# Last flight of the Mig-21



## v2 (Nov 19, 2007)

_View: https://www.youtube.com/watch?v=8-Av7KG1hJ4_


----------



## Wurger (Nov 20, 2007)

It was a very good bird.


----------



## v2 (Nov 20, 2007)

Wurger said:


> It was a very good bird.




Yes, but how many years ago?


----------



## Wurger (Nov 20, 2007)

As a combat plane for sure in 50's,60's and maybe up to 80's.Later it was really a good plane for training.


----------



## comiso90 (Nov 20, 2007)

I grew up loving to hate the MiG-21. It makes a good villain but it was the numbers that made it fearsome.


----------



## Konigstiger205 (Nov 20, 2007)

Last flight for them maybe...my country still uses Mig21 but no so much due to the fact that the air force is very very low on funds...


----------



## FLYBOYJ (Nov 20, 2007)

I've got to work on a UTI - I have a lot of respect for the aircraft.

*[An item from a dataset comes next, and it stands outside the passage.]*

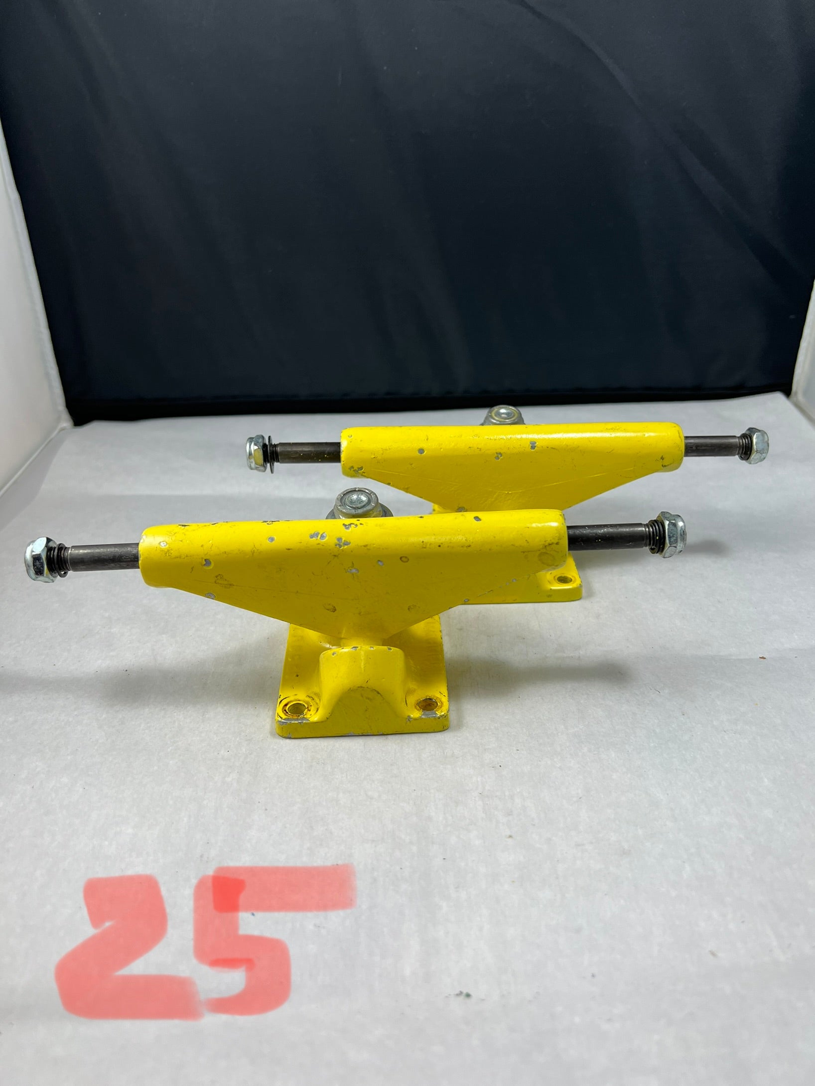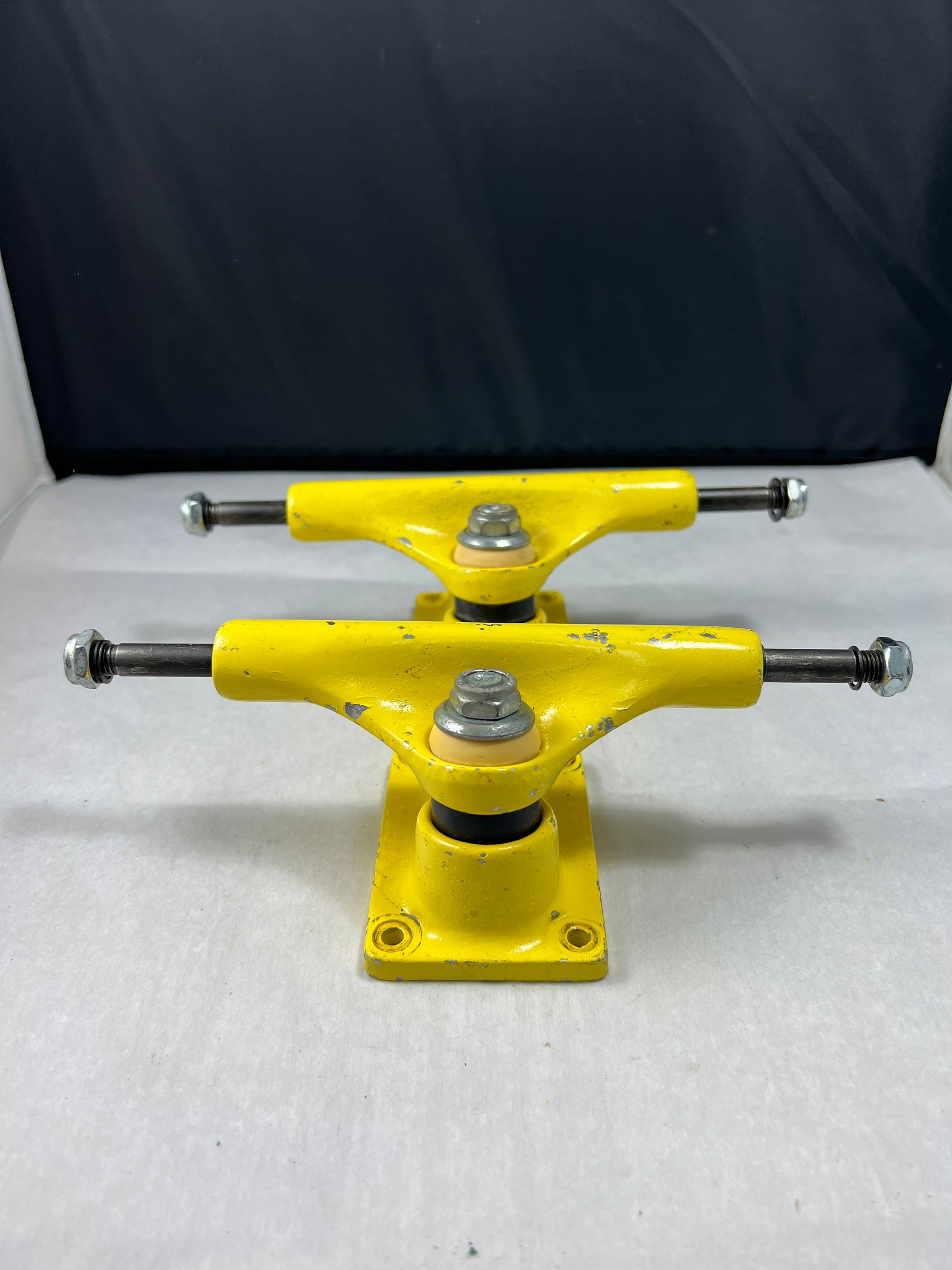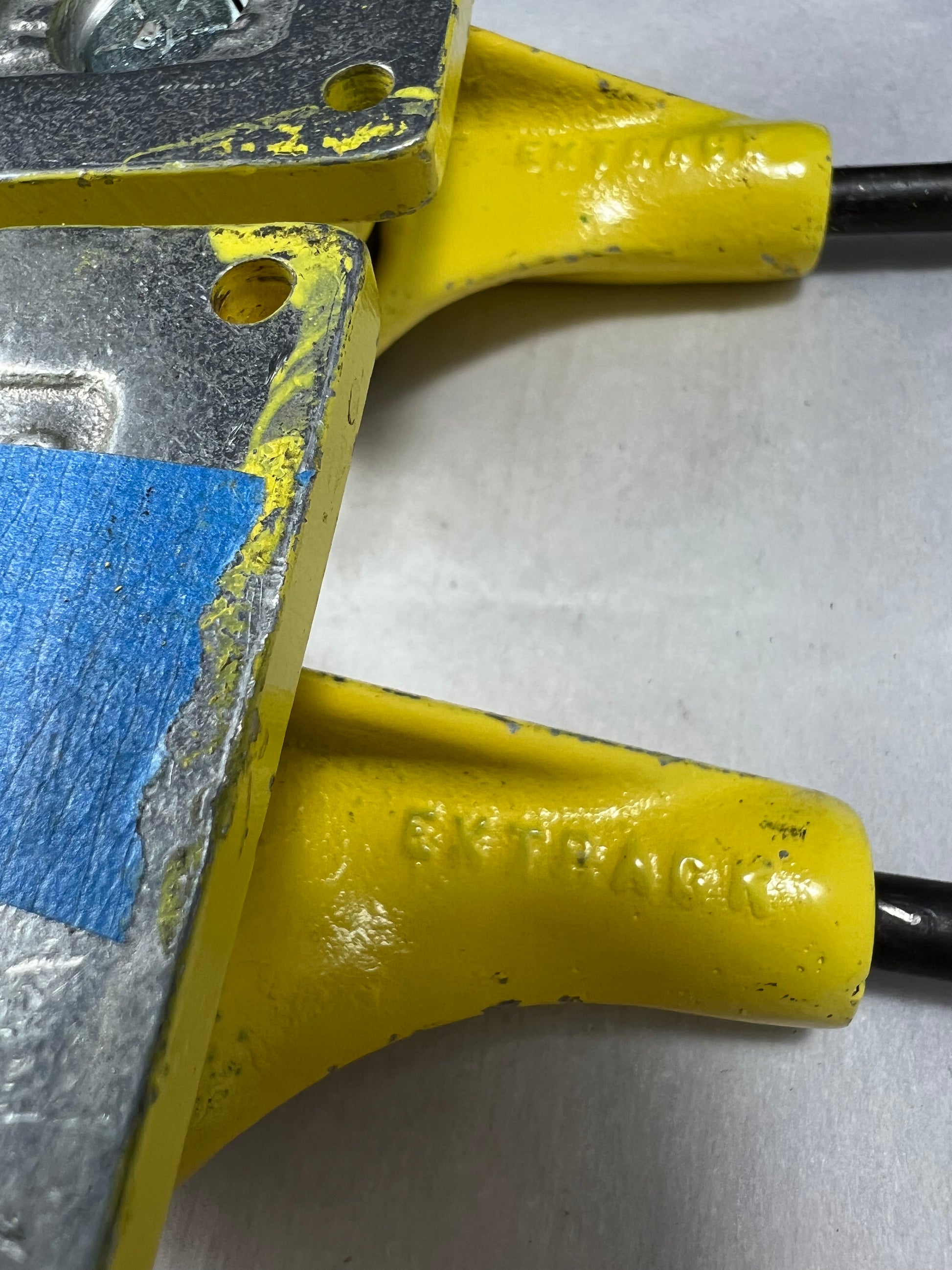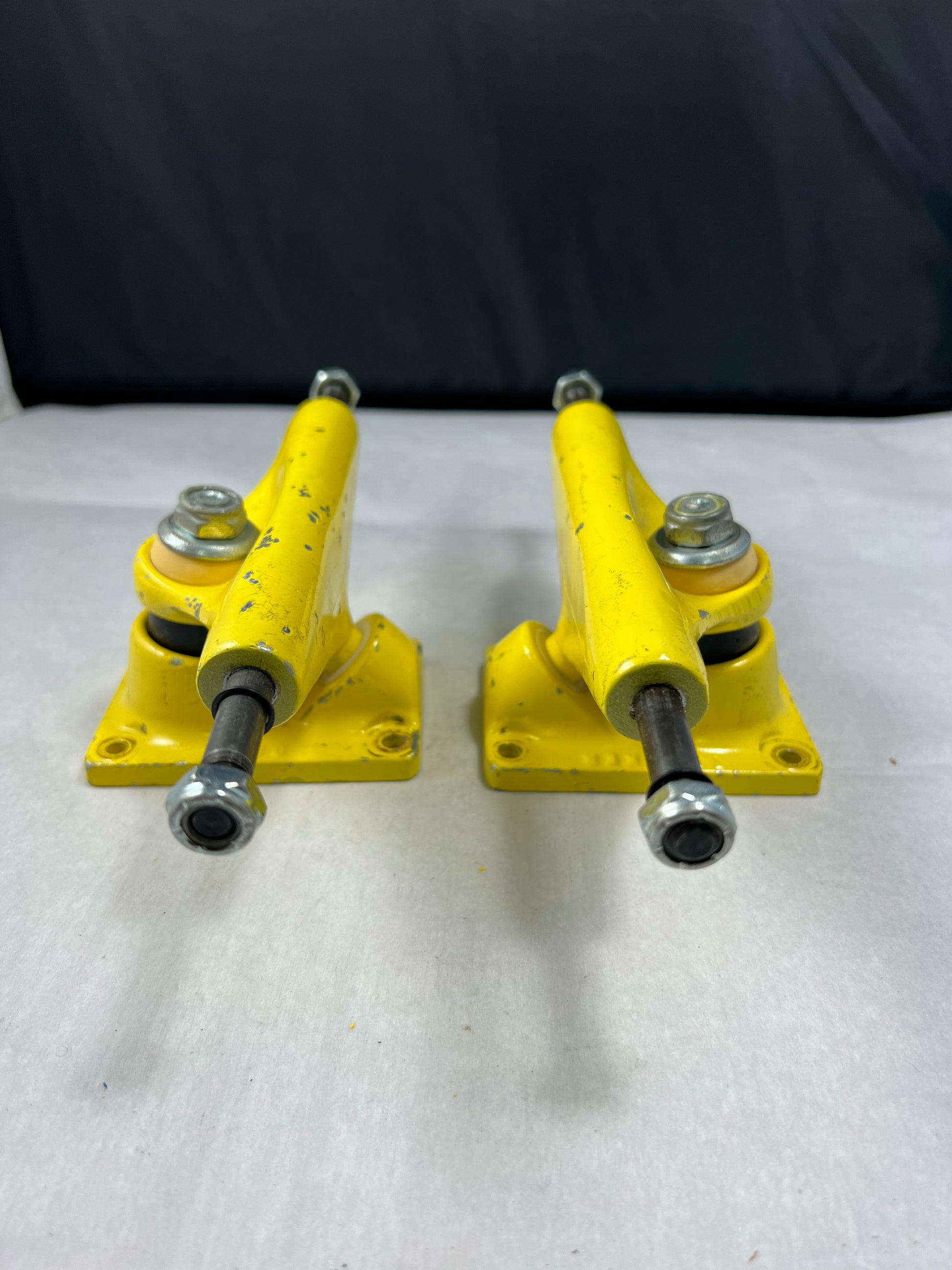 Really nice set of painted yellow Ex-Tracks for your late 70's-early 80s pig. Never ridden just mounted for display in the Museum. Bushings & pivot cups all never turned or ridden. NOTE these are painted. Look at the photos. Bases' bottoms were missed. NOT MAGs.

It served well even though most of the time it was on the "receiving end."


----------



## ccheese (Nov 20, 2007)

Good film... shame they had to screw it up with that noise
in the background.

Charles


----------



## Gnomey (Nov 20, 2007)

Good film.


----------



## renrich (Nov 20, 2007)

I have a friend that flew the A6 in an evaluation against the first Mig 21 acquired by the US during the Viet Nam war. It was an interesting story. The Mig had much better performance than our military expected.


----------